The feedback between infection and diversity not only leads to temporal lags in the responsiveness of the system to changes in the transmission potential but also introduces a certain degree of inertia. Delays in a dynamical system’s response to external perturbations are expected; however, in our case we observed transient behaviours in parasite prevalence and diversity many years after the assumed changes in mosquito biting rates. In epidemiological terms this implies that trying to infer the causative factors of observed changes in malaria incidence might be more complicated than previously appreciated and would have to take into account potential changes that took place many years in the past. Together with the possibility that in a given endemic setting the system could be in a state of transmission saturation (figure 1b), evaluating the effectiveness of control measures directed against the mosquito (i.e. mosquito control or bednet usage) could potentially show up significant discrepancies, at least in cases where the evaluation period is too short for the system to reach a new endemic equilibrium.
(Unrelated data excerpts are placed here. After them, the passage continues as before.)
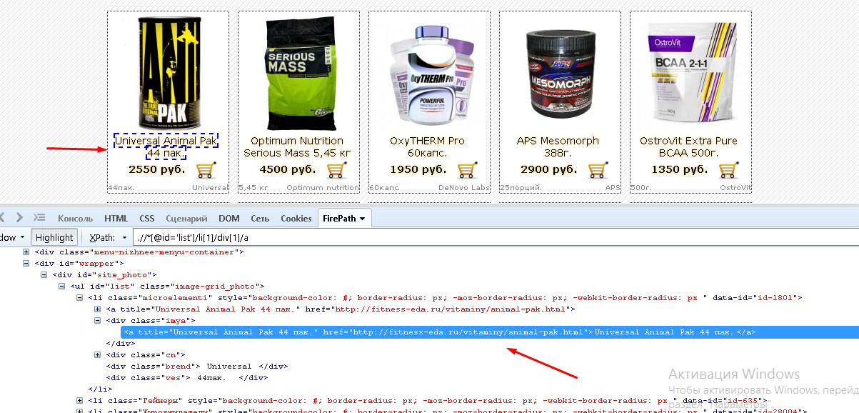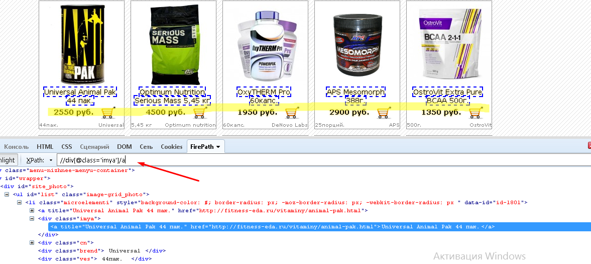 Но нам необходимо прописать такой путь, чтобы были выбраны все наименования на этой страничке.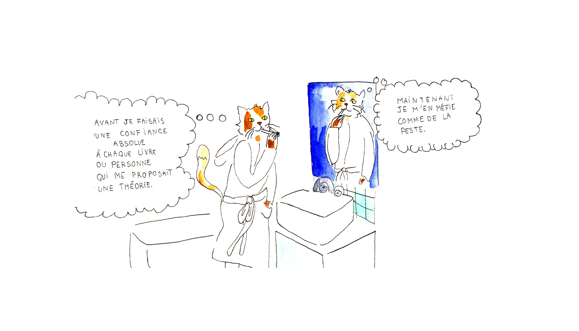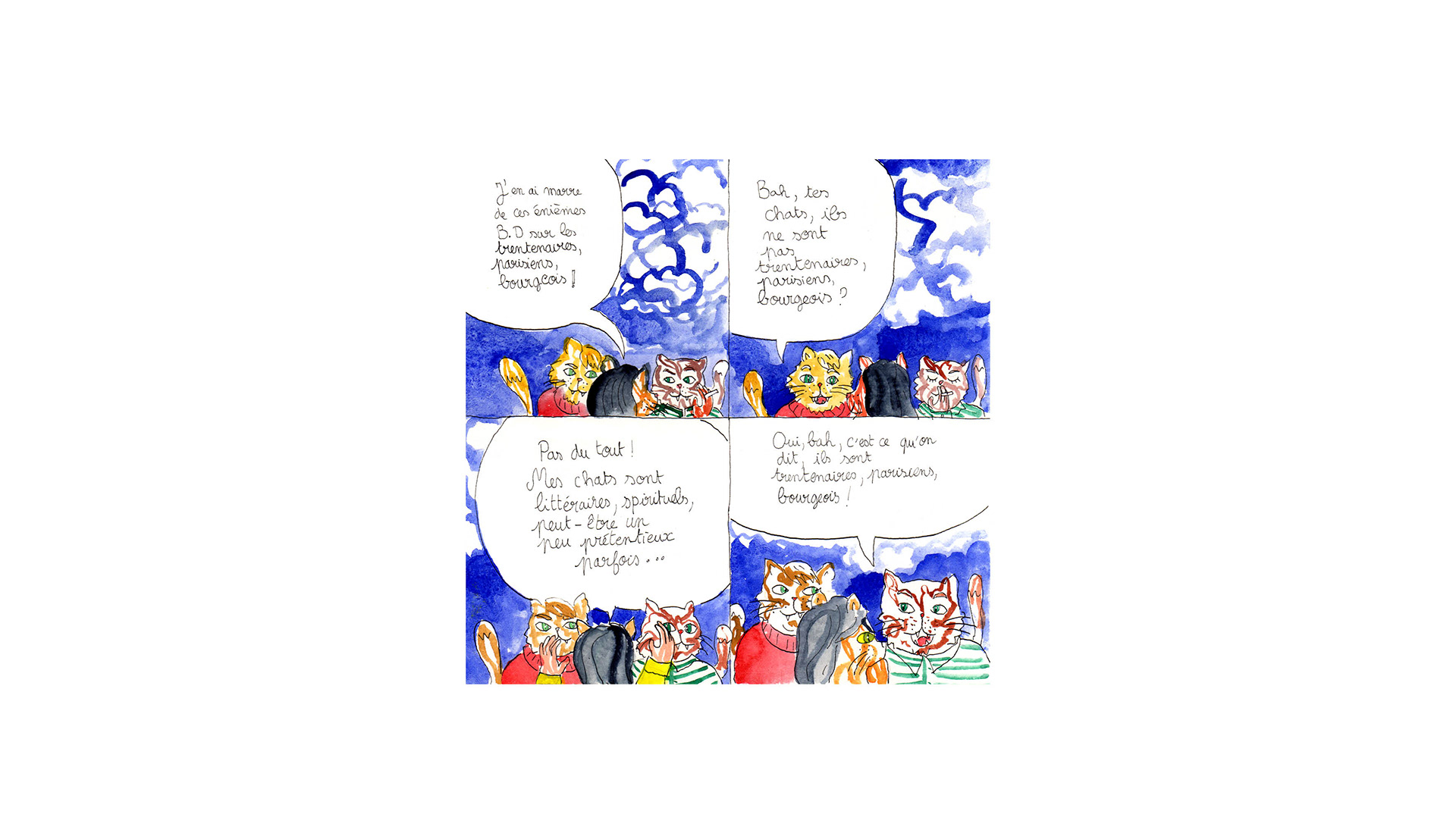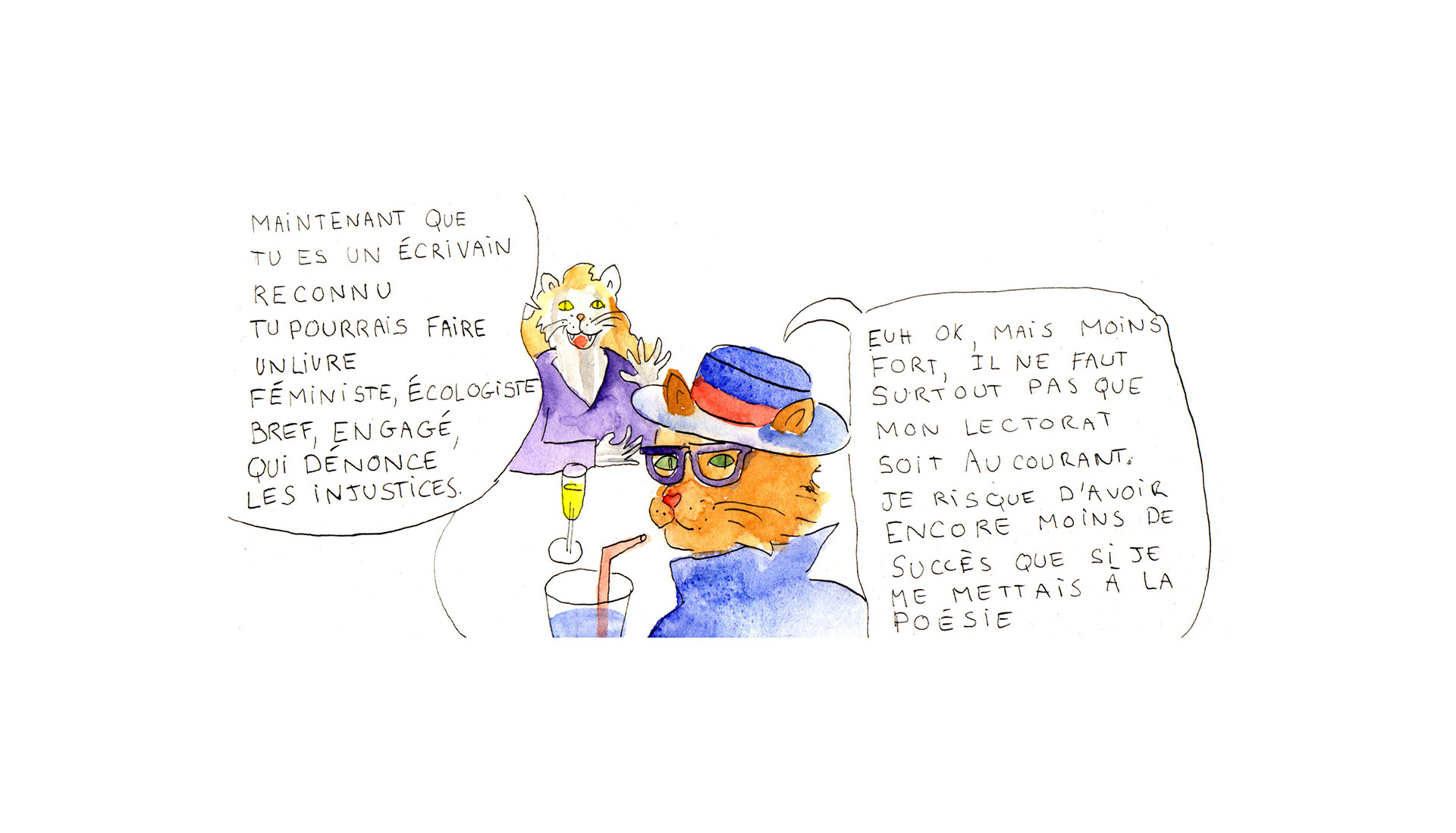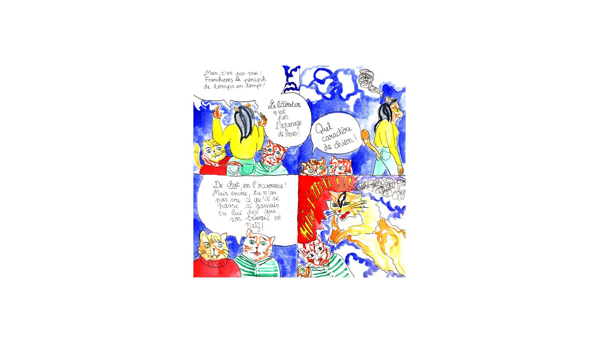 Des chats qui parlent de littérature et se posent plein de questions. Édités et rassemblés dans un recueil paru en 10 exemplaires au SPIN-OFF d'Angoulême 2019 sur le stand de L'Ennui.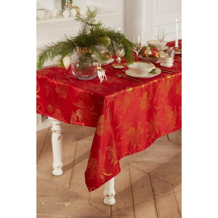 Скатерть Этель «Счастливый Новый год» красный, 110*150 см, 115 ±10 гр,100% п/э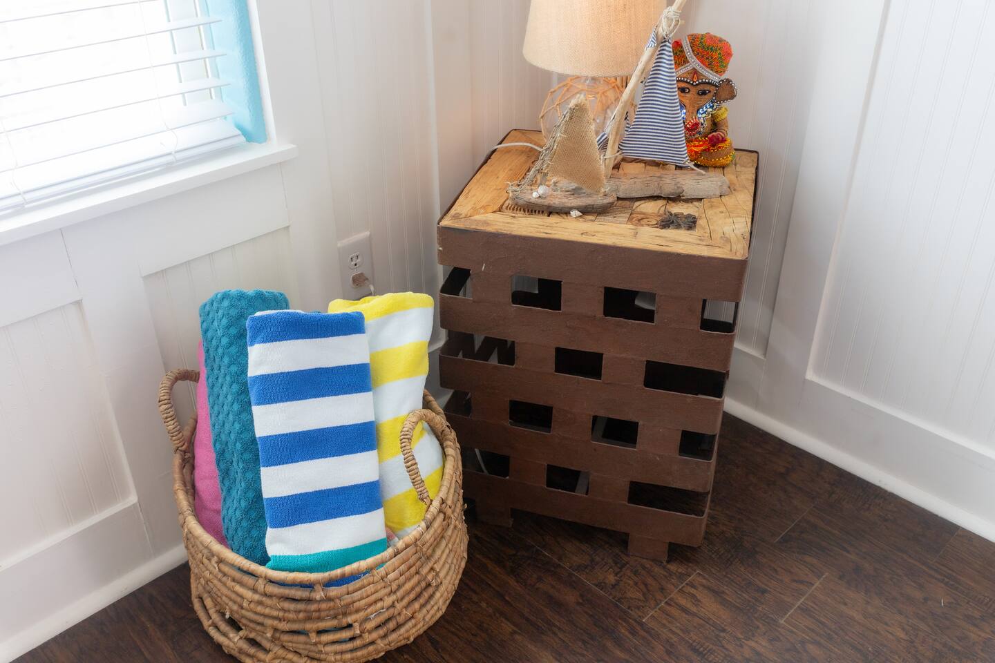 - Beach essentials Beach towels, umbrella, beach blanket, snorkeling gear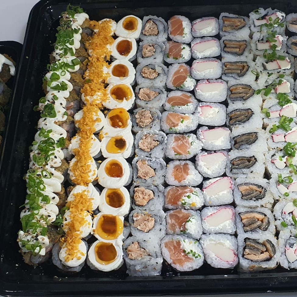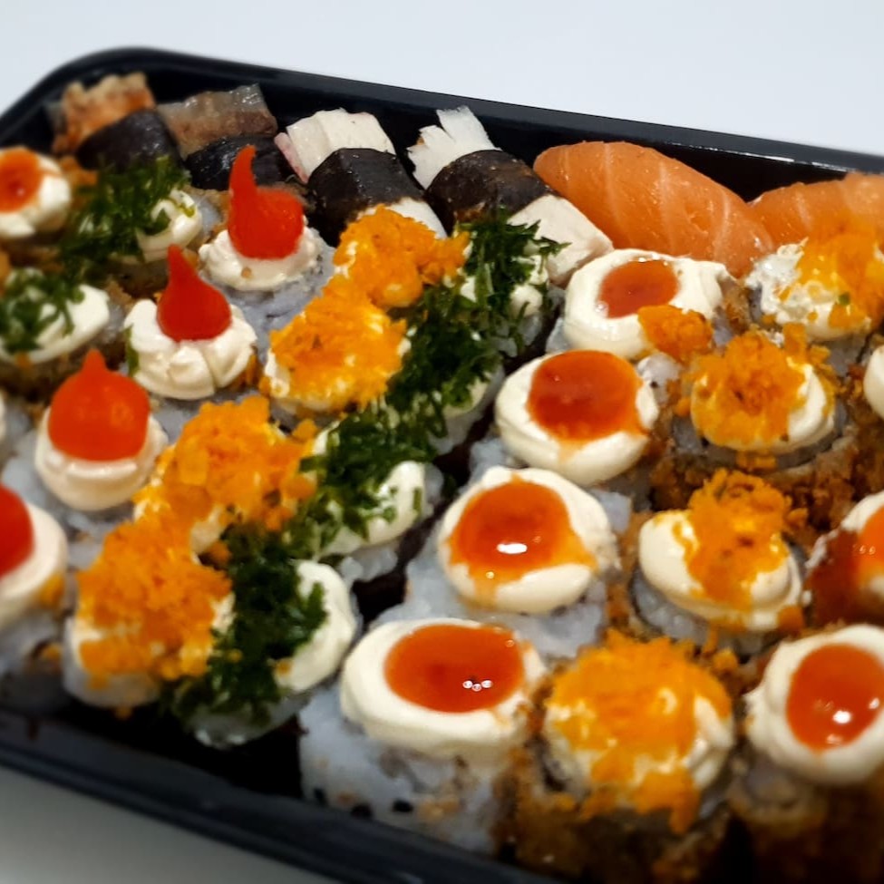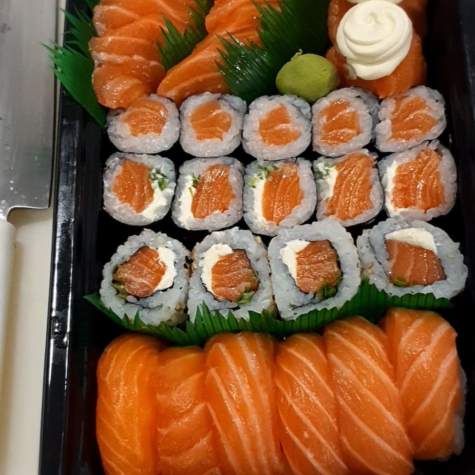 24 hot salmao com creme chesse ,10 hossomaki philadelfia ,10 hossomaki skin ,10 hossomaki kani ,10 hossomaki Doritos ,10 hossomaki swit ,10 uramaki skin ,10 uramaki salmao grelhado , 10 uramaki kani .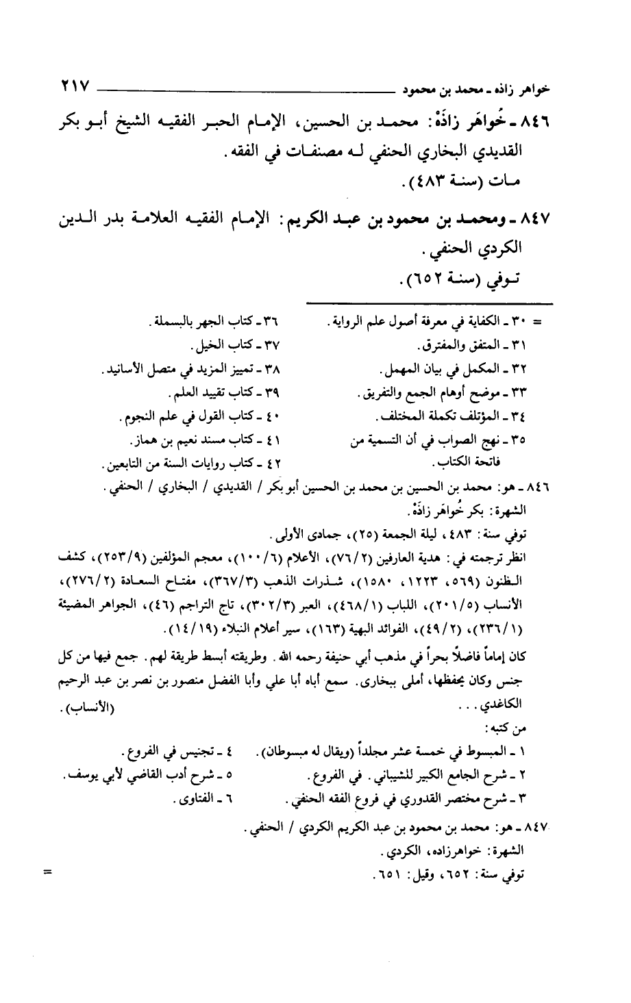 خواهر زاذه: محمد بن الحسين، الإمام الحبر الفقيه الشيخ أبو بكر القديدي البخاري الحنفي له مصنفات في الفقه.

There are various caveats in our model, mostly related to our simplifying assumptions about how hosts acquire immunity and how antigenic variants contribute to infection length and thus a strain’s probability of onward transmission. At the moment, very little is known about how acquired immunity relates to transmission success, although a general decrease with repeated exposure would be a reasonable assumption. In this respect, shortening the infectious period and keeping the per bite transmission probability constant is akin to lowering the transmission probability for the same length of infection. Furthermore, adding a non-VSA associated immunity component, where the risk or length of infection simply decreases as a function of accumulated exposure is not expected to lead to significantly different outcomes, thus making our results fairly robust to changes in the underlying assumptions about immunity.
Conclusion
In summary, we have shown that antigenic diversity plays a crucial role in the epidemiology of P. falciparum malaria. By allowing diversity to be an emergent property of the dynamic processes underlying infection and transmission events we have demonstrated how population-level parasite prevalence and incidence are specific to an epidemiological setting and crucially determined by host and vector demographies. This would argue against a one-model-fits-all approach to modelling malaria epidemiology and control and also makes the case for a concentrated effort to further our understanding of the relationship between antigenic diversity, naturally acquired immunity and parasite transmission.